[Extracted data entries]
────

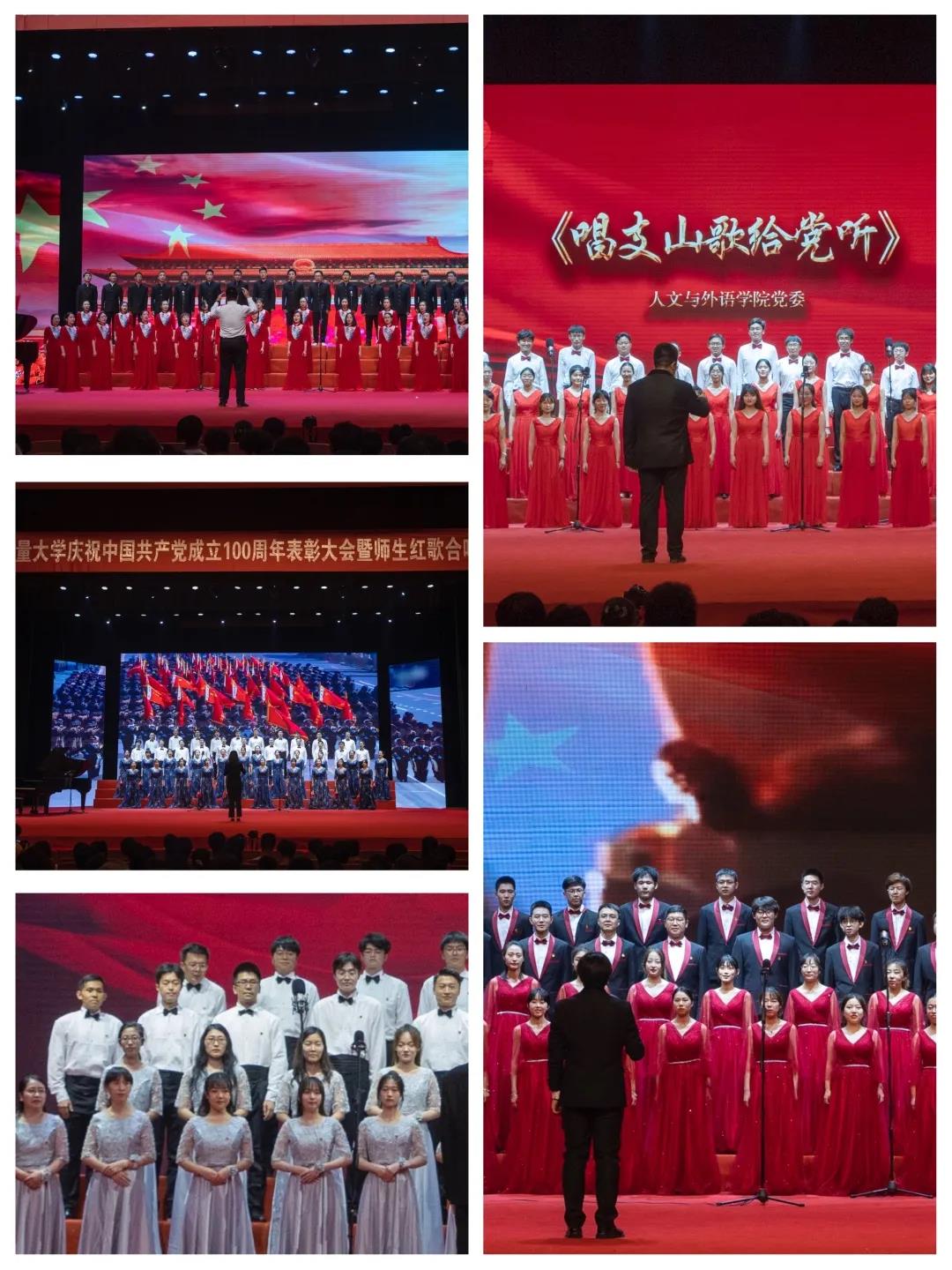 弘扬红色旋律,共唱党的赞歌。师生合唱比赛在全场合唱《没有共产党就没有新中国》的歌声中拉开序幕。《我们走在大路上》《走向复兴》《阳光路上》 《唱支山歌给党听》《在灿烂阳光下》《我爱你中国》《不忘初心》《歌唱祖国》……师生们用优美的歌声热情赞颂党的百年历史和丰功佳绩,真诚抒发自己对党、对祖国、对人民的无限热爱,充分表达不忘初心跟党走的坚定信念。会场内,旋律慷慨激昂,歌声催人奋进,作为特邀演唱曲目,由离退休党委带来的原创歌曲《百年辉煌》以及经典歌曲《革命人永远是年轻》更是将红歌会的气氛推向了高潮。
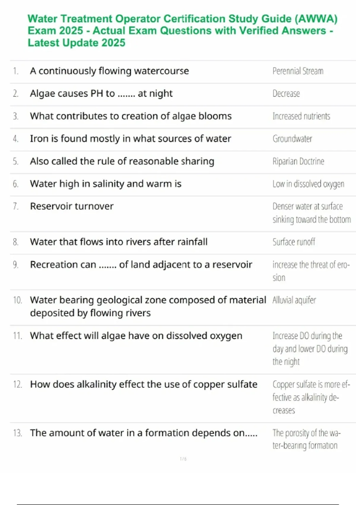 Prepare thoroughly for your Water Treatment Operator Certification Exam (AWWA) 2025 with this verified and updated study guide, featuring actual exam questions and accurate answers. – Covers key topics such as water treatment processes, distribution systems, safety protocols, regulatory compliance, and troubleshooting techniques. – Each question is reviewed and verified to match the latest 2025 AWWA standards, ensuring reliable and effective preparation. – Perfect for water operators seeking certification or license renewal, this A+ graded guide provides comprehensive knowledge, boosts confidence, and guarantees success on your exam.
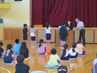 本日、下校前に、1.2年生の防犯安全教室を実施しました。市の担当の方と青パトロールで児童の登下校時に、見守りの巡回をしてくださっている方が来てくださり、話をしてくださいました。
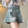 Shorts de mezclilla con lazo para mujer Diseño de atuendo dopamínico Sexy Pantalones holgados de pierna ancha Verano 2025 Nuevo estilo
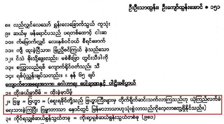 မြန်မာမင်း အုပ်ချုပ်ပုံစာတမ်း (၁၉၂၄)မှာလည်း “မြန်မာကြီးဆိုသည်ကား ရခိုင်၊ မြန်မာငယ်ဆိုသည်ကား ပြူ” ဆိုတဲ့ အဆိုနဲ့လည်း ကိုက်ပါတယ်။ − ပုံ 013
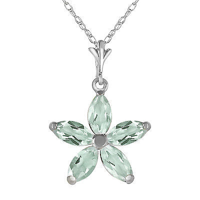 1.4 CTW 14K Solid White gold fine Shall Be Again Green Amethyst Necklace 20"
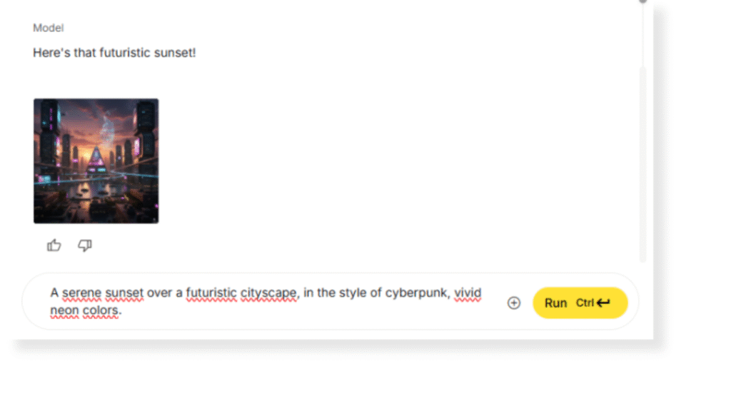 Example prompt: “A serene sunset over a futuristic cityscape, in the style of cyberpunk, vivid neon colors.”
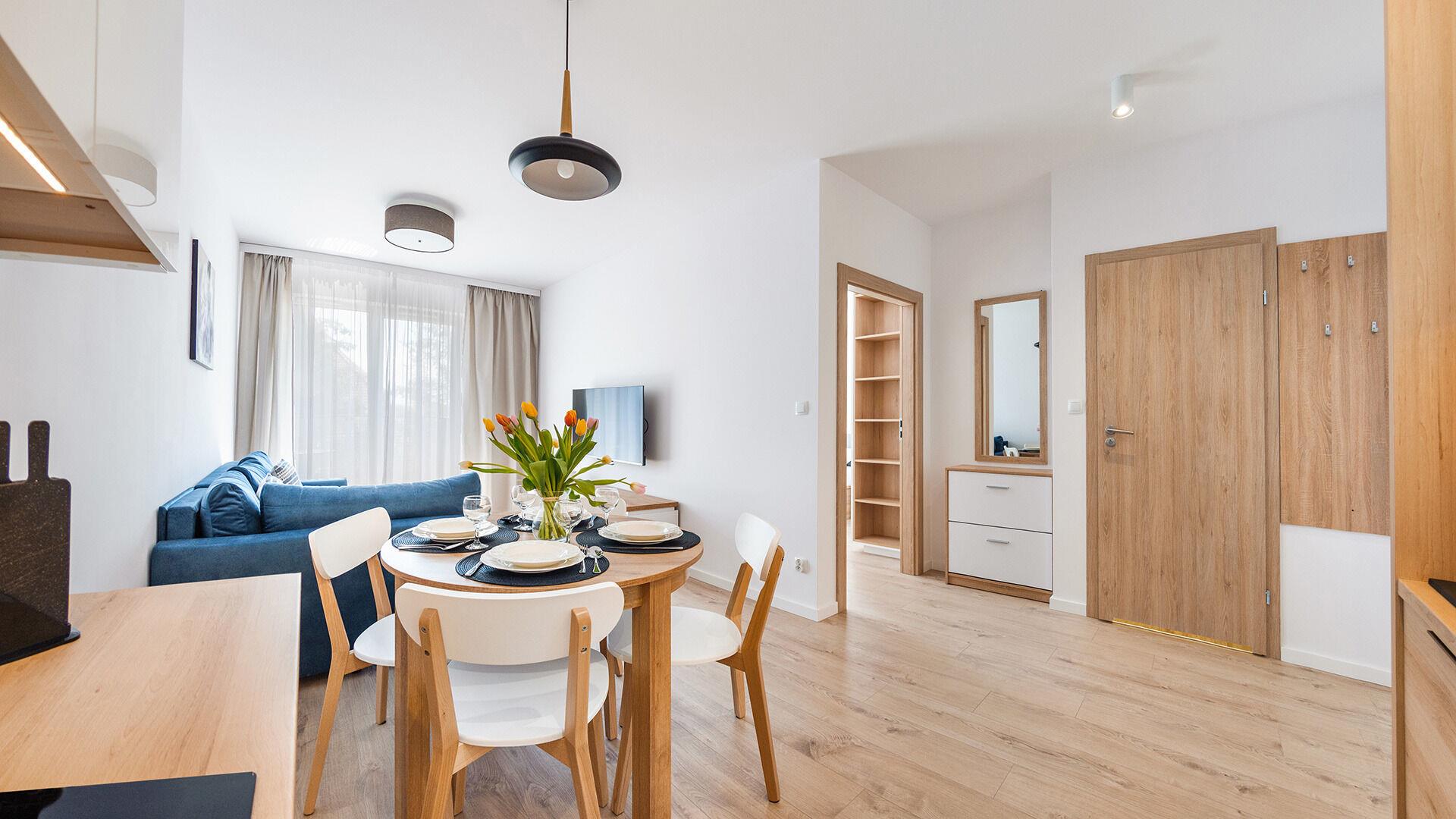 Zu den gewählten Apartments darf man mit dem Hund ankommen. Die zusätzlichen Kosten des Aufenthalts mit einem vierbeinigen Freund betragen 100 PLN (Einzelgebühr). Die Gäste, die den Aufenthalt mit dem Hund planen, bitten wir um eine frühere Kontaktaufnahme mit unserem Service im lokalen Büro.
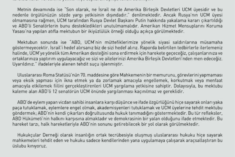 Tem62024 Amerikalı Senatörlerce Uluslararası Ceza Mahkemesine Yazılan Tehdit İçerikli Mektup Hakkında Açıklamamız
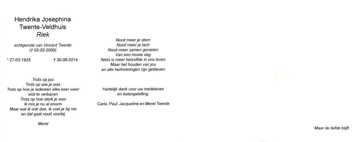 VELDMAN, Hendrika Johanna, geboren op 15-8-1904 te Hellendoorn, Nijverdal, overleden op 22-2-1982 te Hellendoorn op 77-jarige leeftijd, begraven op 25-2-1982 te Hellendoorn, Nijverdal, rk.
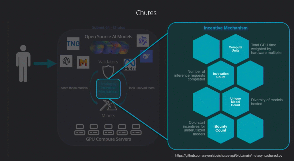 The system also includes bounty mechanics. When a new open-source model is released and the community wants it available on Chutes, miners race to be the first to serve it. The hype cycle in AI moves fast, and the incentive structure rewards speed of adoption.
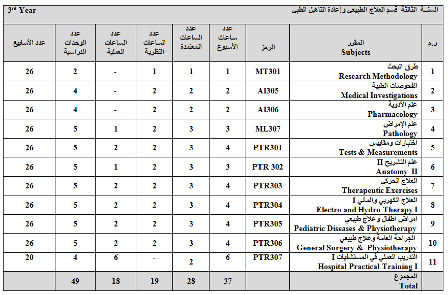 الجدول الدراسي للسنة الثالثة للعام الجامعي 2021/2020م
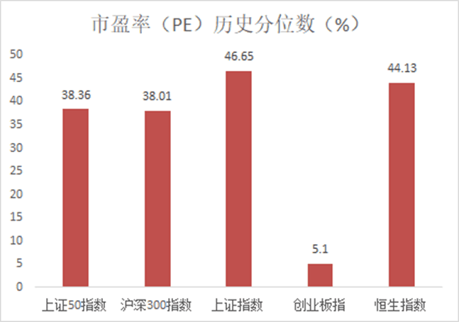 从历史股指水平来看,以近10年为窗口,指数当市盈率水平进行比较,截至310,证50指数市盈率(PE)历史分位数为38.36%,沪深300指数为38.01%,证指数为46.65%,创业板指为5.1 %,港股恒生指数为44.13%。
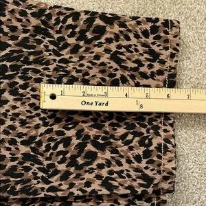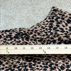 Chic animal print pants by Terra & Sky. Straight Leg and High Rise style. Features a striking black, tan, and brown leopard pattern. Stretchy fabric for a comfortable fit. Ideal for a bold fashion statement.
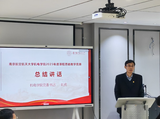 最后,机电院党委书记刘虎总结发言。刘虎表示此次比赛非常有意义。课程思政教学比赛展示了我校贯彻落实教育部印发的《高等学校课程思政建设指导纲要》重要精神,积极探索专业教育和思政教育如何更好地同向同行,在课程教学中深入挖掘、有机融入课程思政元素,达到润物无声的育人效果。

────

### Problem to solve
The records above should be returned exactly, with only their pictures held back.

### Answer box
 弘扬红色旋律,共唱党的赞歌。师生合唱比赛在全场合唱《没有共产党就没有新中国》的歌声中拉开序幕。《我们走在大路上》《走向复兴》《阳光路上》 《唱支山歌给党听》《在灿烂阳光下》《我爱你中国》《不忘初心》《歌唱祖国》……师生们用优美的歌声热情赞颂党的百年历史和丰功佳绩,真诚抒发自己对党、对祖国、对人民的无限热爱,充分表达不忘初心跟党走的坚定信念。会场内,旋律慷慨激昂,歌声催人奋进,作为特邀演唱曲目,由离退休党委带来的原创歌曲《百年辉煌》以及经典歌曲《革命人永远是年轻》更是将红歌会的气氛推向了高潮。
 Prepare thoroughly for your Water Treatment Operator Certification Exam (AWWA) 2025 with this verified and updated study guide, featuring actual exam questions and accurate answers. – Covers key topics such as water treatment processes, distribution systems, safety protocols, regulatory compliance, and troubleshooting techniques. – Each question is reviewed and verified to match the latest 2025 AWWA standards, ensuring reliable and effective preparation. – Perfect for water operators seeking certification or license renewal, this A+ graded guide provides comprehensive knowledge, boosts confidence, and guarantees success on your exam.
 本日、下校前に、1.2年生の防犯安全教室を実施しました。市の担当の方と青パトロールで児童の登下校時に、見守りの巡回をしてくださっている方が来てくださり、話をしてくださいました。
 Shorts de mezclilla con lazo para mujer Diseño de atuendo dopamínico Sexy Pantalones holgados de pierna ancha Verano 2025 Nuevo estilo
 မြန်မာမင်း အုပ်ချုပ်ပုံစာတမ်း (၁၉၂၄)မှာလည်း “မြန်မာကြီးဆိုသည်ကား ရခိုင်၊ မြန်မာငယ်ဆိုသည်ကား ပြူ” ဆိုတဲ့ အဆိုနဲ့လည်း ကိုက်ပါတယ်။ − ပုံ 013
 1.4 CTW 14K Solid White gold fine Shall Be Again Green Amethyst Necklace 20"
 Example prompt: “A serene sunset over a futuristic cityscape, in the style of cyberpunk, vivid neon colors.”
 Zu den gewählten Apartments darf man mit dem Hund ankommen. Die zusätzlichen Kosten des Aufenthalts mit einem vierbeinigen Freund betragen 100 PLN (Einzelgebühr). Die Gäste, die den Aufenthalt mit dem Hund planen, bitten wir um eine frühere Kontaktaufnahme mit unserem Service im lokalen Büro.
 Tem62024 Amerikalı Senatörlerce Uluslararası Ceza Mahkemesine Yazılan Tehdit İçerikli Mektup Hakkında Açıklamamız
 VELDMAN, Hendrika Johanna, geboren op 15-8-1904 te Hellendoorn, Nijverdal, overleden op 22-2-1982 te Hellendoorn op 77-jarige leeftijd, begraven op 25-2-1982 te Hellendoorn, Nijverdal, rk.
 The system also includes bounty mechanics. When a new open-source model is released and the community wants it available on Chutes, miners race to be the first to serve it. The hype cycle in AI moves fast, and the incentive structure rewards speed of adoption.
 الجدول الدراسي للسنة الثالثة للعام الجامعي 2021/2020م
 从历史股指水平来看,以近10年为窗口,指数当市盈率水平进行比较,截至310,证50指数市盈率(PE)历史分位数为38.36%,沪深300指数为38.01%,证指数为46.65%,创业板指为5.1 %,港股恒生指数为44.13%。
 Chic animal print pants by Terra & Sky. Straight Leg and High Rise style. Features a striking black, tan, and brown leopard pattern. Stretchy fabric for a comfortable fit. Ideal for a bold fashion statement.
 最后,机电院党委书记刘虎总结发言。刘虎表示此次比赛非常有意义。课程思政教学比赛展示了我校贯彻落实教育部印发的《高等学校课程思政建设指导纲要》重要精神,积极探索专业教育和思政教育如何更好地同向同行,在课程教学中深入挖掘、有机融入课程思政元素,达到润物无声的育人效果。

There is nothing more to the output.